_Task instructions_
Among the entries below, one stretch runs from the line that contains "Sarı Straplez Bel" through the line that contains "MSI GeForce GT". Repeat that stretch exactly, ends included, and only that.

-- -- --

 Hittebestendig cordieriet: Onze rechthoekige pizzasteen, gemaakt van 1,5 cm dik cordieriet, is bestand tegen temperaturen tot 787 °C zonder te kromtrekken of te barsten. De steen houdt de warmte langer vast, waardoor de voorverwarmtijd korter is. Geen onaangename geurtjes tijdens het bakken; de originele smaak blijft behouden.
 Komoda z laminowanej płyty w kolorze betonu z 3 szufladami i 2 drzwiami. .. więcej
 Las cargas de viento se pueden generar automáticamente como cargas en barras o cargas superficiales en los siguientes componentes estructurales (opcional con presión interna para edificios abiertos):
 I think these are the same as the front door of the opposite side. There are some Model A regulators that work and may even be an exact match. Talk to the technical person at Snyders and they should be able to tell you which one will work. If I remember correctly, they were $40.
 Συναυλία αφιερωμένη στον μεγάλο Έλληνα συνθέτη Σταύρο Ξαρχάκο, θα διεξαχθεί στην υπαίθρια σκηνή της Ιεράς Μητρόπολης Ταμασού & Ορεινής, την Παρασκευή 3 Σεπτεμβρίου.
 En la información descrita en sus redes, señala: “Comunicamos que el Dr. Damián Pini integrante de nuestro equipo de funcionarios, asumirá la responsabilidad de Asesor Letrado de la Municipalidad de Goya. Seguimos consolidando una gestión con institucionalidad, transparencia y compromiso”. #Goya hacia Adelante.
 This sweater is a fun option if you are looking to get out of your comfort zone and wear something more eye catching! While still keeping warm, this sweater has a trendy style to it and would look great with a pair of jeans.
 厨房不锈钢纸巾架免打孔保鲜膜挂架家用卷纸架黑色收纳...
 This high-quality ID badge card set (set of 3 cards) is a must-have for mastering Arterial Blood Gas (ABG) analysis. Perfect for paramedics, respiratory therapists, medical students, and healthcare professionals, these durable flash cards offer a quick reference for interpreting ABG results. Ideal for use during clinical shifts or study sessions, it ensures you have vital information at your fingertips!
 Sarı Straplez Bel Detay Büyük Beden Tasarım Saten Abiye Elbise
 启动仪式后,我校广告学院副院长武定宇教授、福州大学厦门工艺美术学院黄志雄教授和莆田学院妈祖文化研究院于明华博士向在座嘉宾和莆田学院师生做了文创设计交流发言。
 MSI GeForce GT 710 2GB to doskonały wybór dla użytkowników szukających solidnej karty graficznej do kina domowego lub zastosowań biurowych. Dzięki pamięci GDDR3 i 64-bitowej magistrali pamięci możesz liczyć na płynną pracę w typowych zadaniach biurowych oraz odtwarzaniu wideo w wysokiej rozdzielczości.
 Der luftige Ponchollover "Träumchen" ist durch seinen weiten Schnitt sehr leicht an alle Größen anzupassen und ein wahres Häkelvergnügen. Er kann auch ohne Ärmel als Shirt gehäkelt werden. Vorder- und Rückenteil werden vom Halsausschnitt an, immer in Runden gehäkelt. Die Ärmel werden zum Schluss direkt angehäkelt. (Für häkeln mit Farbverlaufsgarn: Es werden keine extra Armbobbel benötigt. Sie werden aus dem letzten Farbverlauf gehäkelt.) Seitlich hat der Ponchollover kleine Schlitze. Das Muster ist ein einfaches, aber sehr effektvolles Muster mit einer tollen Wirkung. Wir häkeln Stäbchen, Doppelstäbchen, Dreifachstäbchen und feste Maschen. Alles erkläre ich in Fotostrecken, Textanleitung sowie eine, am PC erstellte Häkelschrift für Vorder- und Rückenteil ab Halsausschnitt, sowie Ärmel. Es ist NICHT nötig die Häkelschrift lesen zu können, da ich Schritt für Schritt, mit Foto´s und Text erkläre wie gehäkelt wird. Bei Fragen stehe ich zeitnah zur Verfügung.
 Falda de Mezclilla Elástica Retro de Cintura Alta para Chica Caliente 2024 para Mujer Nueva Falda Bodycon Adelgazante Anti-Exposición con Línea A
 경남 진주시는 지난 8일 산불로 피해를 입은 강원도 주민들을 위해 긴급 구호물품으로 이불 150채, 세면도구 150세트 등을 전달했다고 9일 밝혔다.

-- -- --

_Exercise solution_
 Sarı Straplez Bel Detay Büyük Beden Tasarım Saten Abiye Elbise
 启动仪式后,我校广告学院副院长武定宇教授、福州大学厦门工艺美术学院黄志雄教授和莆田学院妈祖文化研究院于明华博士向在座嘉宾和莆田学院师生做了文创设计交流发言。
 MSI GeForce GT 710 2GB to doskonały wybór dla użytkowników szukających solidnej karty graficznej do kina domowego lub zastosowań biurowych. Dzięki pamięci GDDR3 i 64-bitowej magistrali pamięci możesz liczyć na płynną pracę w typowych zadaniach biurowych oraz odtwarzaniu wideo w wysokiej rozdzielczości.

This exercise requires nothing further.